Es war am 10. Januar, als sich offenbarte, welches Drohpotenzial mit dem Anleiheberg der Chinesen einhergeht. Um 11.26 Uhr sendete die Nachrichtenagentur Bloomberg eine Meldung um die Welt, die die Anleihemärkte in Aufregung versetzte: Vertreter der chinesischen Führung hätten empfohlen, künftig weniger oder gar keine neuen US-Staatsanleihen mehr zu kaufen. Die Rendite auf zehnjährige Staatsanleihen kletterte daraufhin auf ein Neun-Monatshoch. Ihren Schuldenberg zu finanzieren, kam die USA nun also teurer zu stehen. Am Ende stellte sich die Bloomberg-Meldung als Gerücht heraus. Trotzdem fragten sich damals viele: Was erst dürfte passieren, wenn China irgendwann Ernst machen würde oder gar bereits gekaufte Staatspapiere verkaufen würde?

Die Chinesen würden sich mit einem Verkauf der US-Anleihen selbst schaden

Experten haben sich in den vergangenen Monaten intensiv mit dieser Frage auseinandergesetzt und sie alle kommen zu einem Schluss: Würden die Chinesen ihre US-Staatsanleihen abverkaufen, schadeten sie sich damit vor allem selbst. Weil auf einmal viel mehr Papiere auf dem Markt wären, würden die Kurse der Anleihen sinken. Da China nicht alle Anleihen auf einmal verkaufen kann, müssten sie das scheibchenweise über schätzungsweise anderthalb Jahre erledigen. Jedes Mal, wenn sie ein Großpaket US-Staatstitel abstoßen würden, sänke der Wert der verbleibenden Anleihen im eigenen Portfolio. China würde sich also finanziell selbst schaden. Das unterscheidet es von Russland, das in den vergangenen Monaten massiv US-Staatsanleihen verkauft hatte, bereits vor der Aktion allerdings nicht einmal ein Zehntel des heutigen chinesischen Anleiheschatzes besaß.

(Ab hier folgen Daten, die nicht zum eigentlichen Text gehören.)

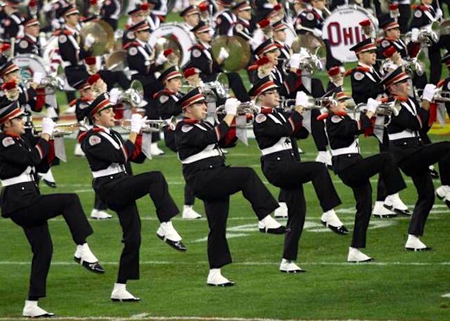 Now, Kim and I both have serious Ohio State connections, so we recognized the song as an OSU anthem, as played by TBDBITL, The Best Damn Band In The Land, aka the OSU Marching Band, which, like OSU football in general, is surrounded by a kind of frenzied irrational devotion. (When I lived in Columbus, I found this truly scary, since it led to crowds torching vehicles, smashing storefronts, and generally behaving like crazed hooligans,)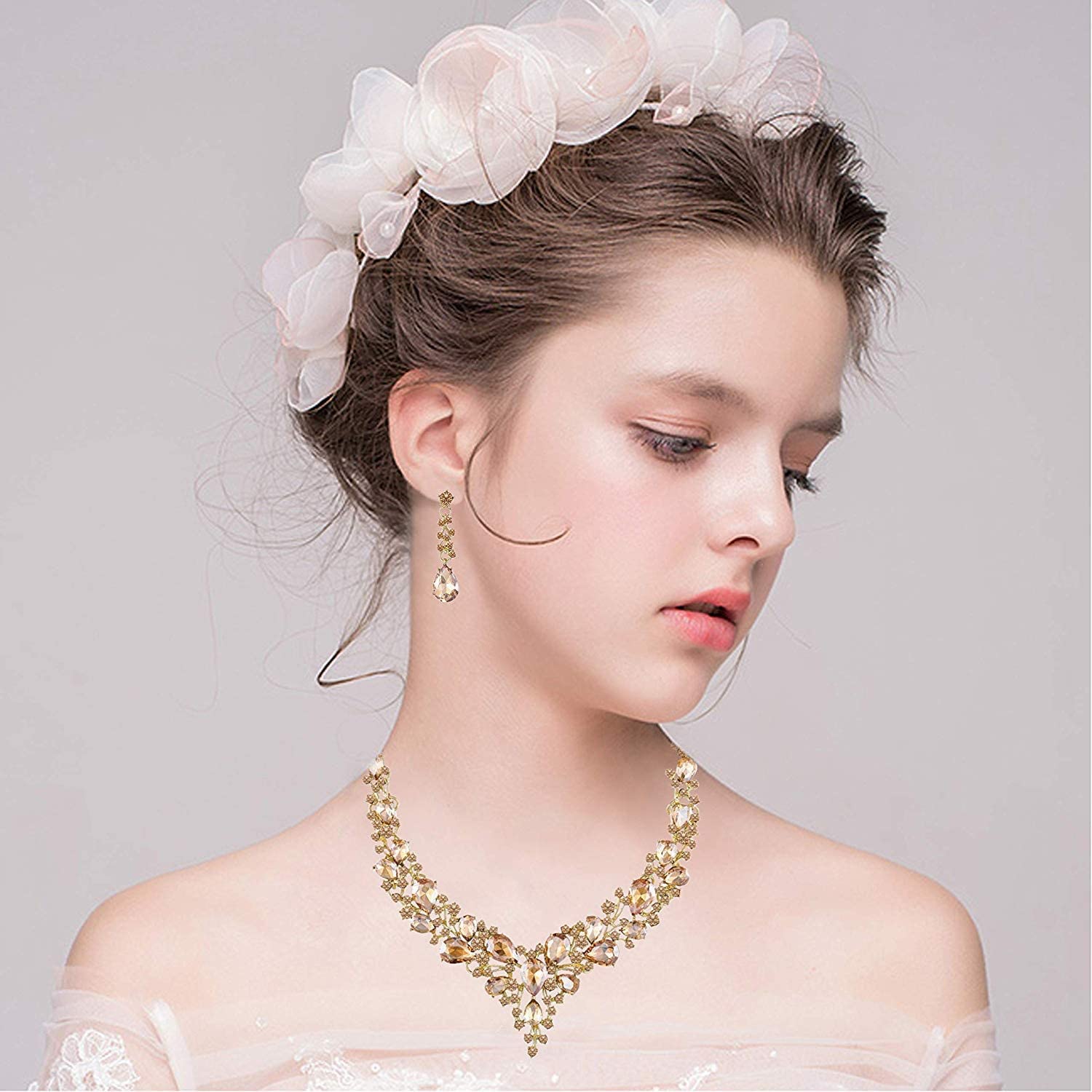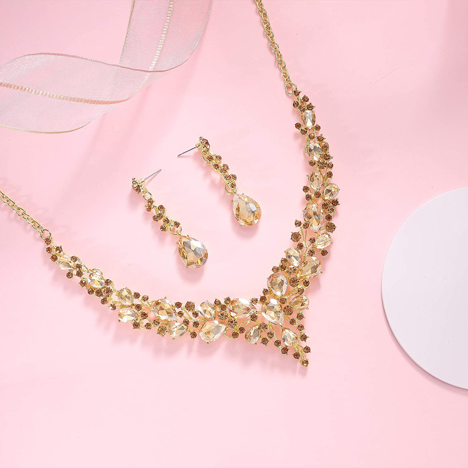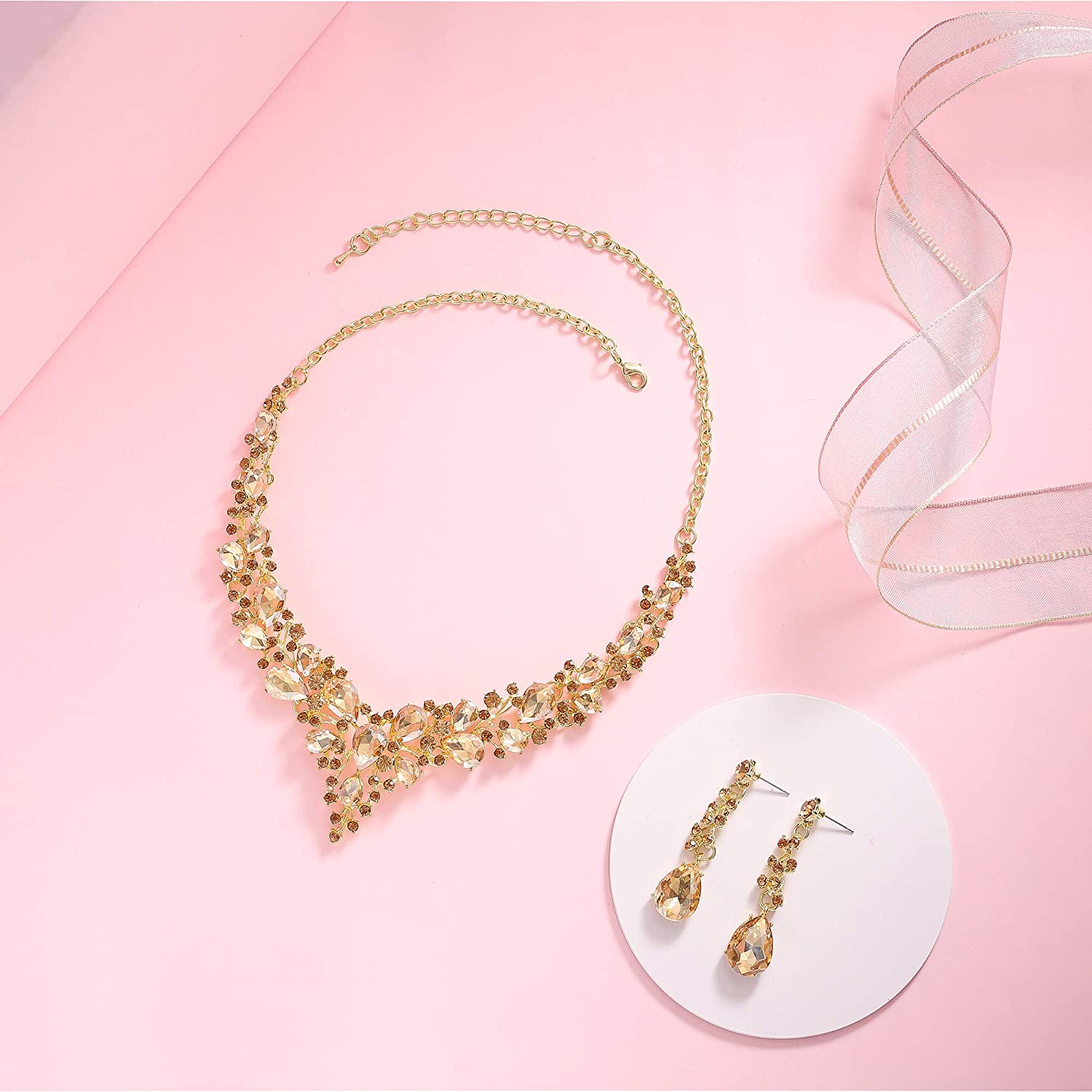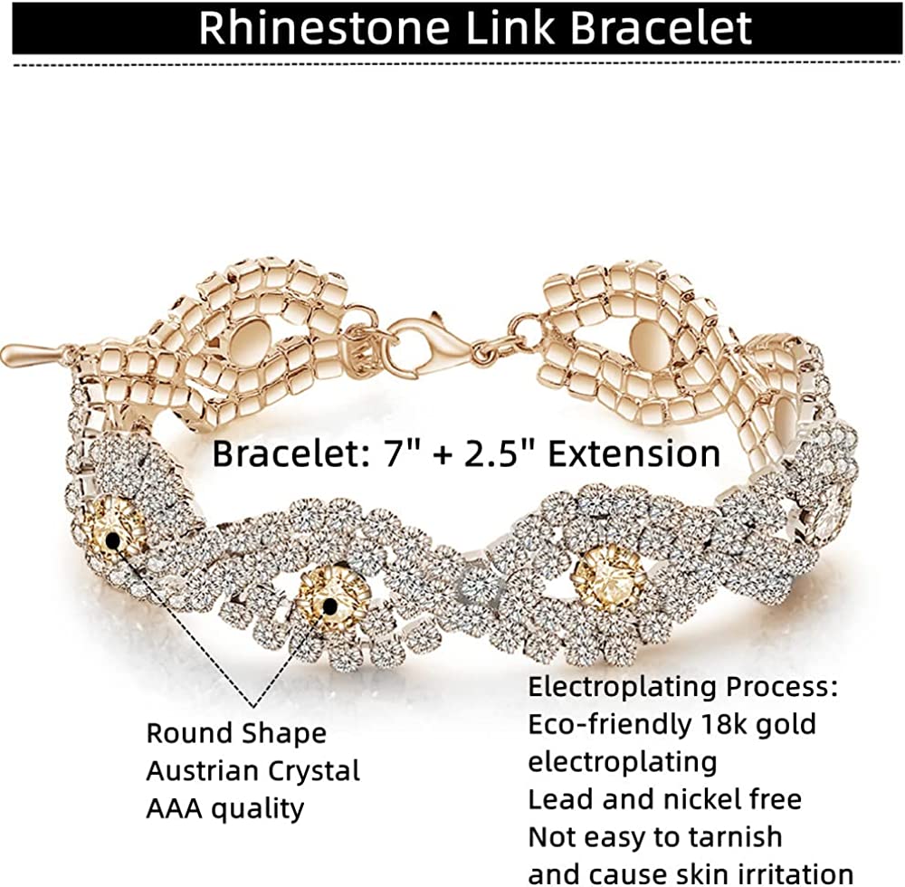 • ♥ Specification ♥: Brand Name: Paxuan. Material: Gold Plated Copper Base Chain + AAA Quality Austrian Crystal. Size: Necklace: 17'' + 2.5'' Extension. Earrings: 1.8'' in length. Bracelet: 7'' + 2.5'' Extension. Quantity: Necklace + Earrings + Bracelet. Color: Gold plated champagne crystal(Great for wedding or prom dress).

Selbst wenn die Führung in Peking die Staatsanleihen verkaufen würde, am Ende säße sie auf einem Berg von Dollar, den sie anlegen müsste. "Selbst wenn sie ihre Staatsanleihen verkaufen könnten, wo würden sie das Geld dann parken?", fragt Marc Chandler, Devisenexperte der amerikanischen Privatbank Brown Broters Harriman.

Chandler kennt die Antwort auf seine suggestive Frage: Würde China das Geld in andere Währungen wie Euro oder Schweizer Franken tauschen, würde sich das Land ebenfalls schaden. "Eine chinesische Flucht aus dem Dollar würde zu einer massiven Dollarabwertung führen", sagt Commerzbank-Analyst Bernd Weidensteiner. Im Gegenzug würde der chinesische Yuan aufwerten und Exporte der Chinesen verteuern. Weil die amerikanischen Strafzölle chinesische Exporte bereits zusätzlich verteuern, kann das kaum im Interesse der Staatsführung sein.

Übernahmen im großen Stil würde Washington Peking wohl kaum gestatten

Würde die chinesische Führung ihre Dollar nicht umtauschen, könnte sie damit zum Beispiel Aktien oder Unternehmen in den USA kaufen. Andererseits ist es jedoch unwahrscheinlich, dass die amerikanische Politik in einer solch zugespitzten Situation Übernahmen im großen Stil erlauben würde.

Anstatt in einem Gewaltakt alle ihrer US-Schuldpapiere zu verkaufen, könnte die chinesische Führung zu einer Version light greifen. Anstatt massiv Titel abzustoßen, könnten sie ihre bisherigen Bestände behalten, künftig jedoch weniger oder gar keine neuen US-Schuldtitel kaufen. Bereits das könnte ausreichen, um die Renditen der Staatsanleihen in die Höhe zu treiben und die Finanzierung des US-Schuldenbergs empfindlich zu verteuern, wie die Spekulationen von Anfang des Jahres zeigten.

Ein massiver Abverkauf hingegen, so sagte ein Devisenanalyst einmal dem amerikanischen Börsenfernsehen CNBC, gliche einem absurden Szenario. Es wäre, sagte er, als hielte China sich eine Pistole an den eigenen Kopf und drohe damit, eine Geisel zu haben.